Get honey based salve. Here its called Dermiel. Had same with my dog Casper. Looked nasty and nothing we did bedding wise and kennel wise helped. Dermiel was a godsend tho. 10 days and it was healed perfectly. Ot will however develop into a hard patch of skin but it doesn't open up anymore.


----------



## Matt Vandart (Nov 28, 2012)

when it's healed have you thought of using deep straw bedding or will he eat that too?


----------



## Amanda Jones (Mar 6, 2013)

Rick: What do you mean by a blower? He is only unattended at night, during the day his kennel is in my office. As far as I see, he doesn't lick at the spot. It's in a hard to reach area. The neoprene definitely caused him to be hot but the cut off for the shirt is right at the edge of the sore and it has a gap due to the way it fits. So as long as he isn't over heating, do you think it's ok? He doesn't have callouses built up anywhere yet. He usually sleeps on his side or curled into a doggy donut. 

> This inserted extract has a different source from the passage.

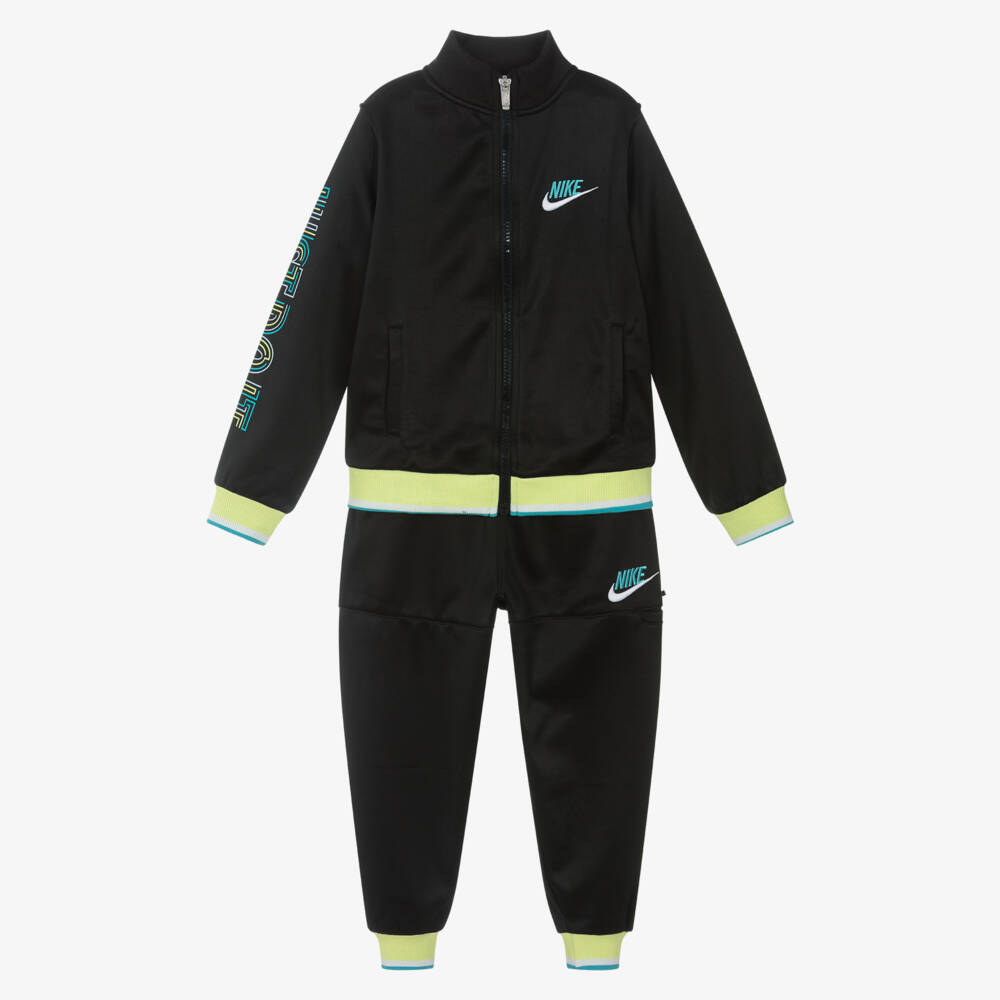 Черный спортивный костюм для мальчиков от бренда Nike с синими и желтыми вставками. Изготовлен из шелковистого мягкого трикотажа и украшен легендарным логотипом Swoosh. Топ на молнии с передними карманами и слоганом 'Just Do It' на одном рукаве. Брюки с удобной эластичной талией и карманом на липучке на одной штанине.

Alice: Do you have a link you can send me? I wonder if I can order if from here in the states.... I'm all about using natural remedies to fix things. I'm ok with a hard patch of skin, that's what I thought would eventually happen but it's just getting worse instead. 

Matt: I've thought of using the straw but he also has issues with crate training/house training so I'm worried about him peeing in it and us not realizing that he's gone. Have you had that issue before? I've used straw for my barn cats but I've never had to worry about them peeing in their beds 

Thank you all for the suggestions!


----------



## leslie cassian (Jun 3, 2007)

What about something like this? 

http://www.cabelas.ca/product/4809/remington-dog-chest-protector

I would line it over the sore with fleecy sheepskin to wick away moisture and for padding and maybe also add some gel padding for extra pressure relief in that area.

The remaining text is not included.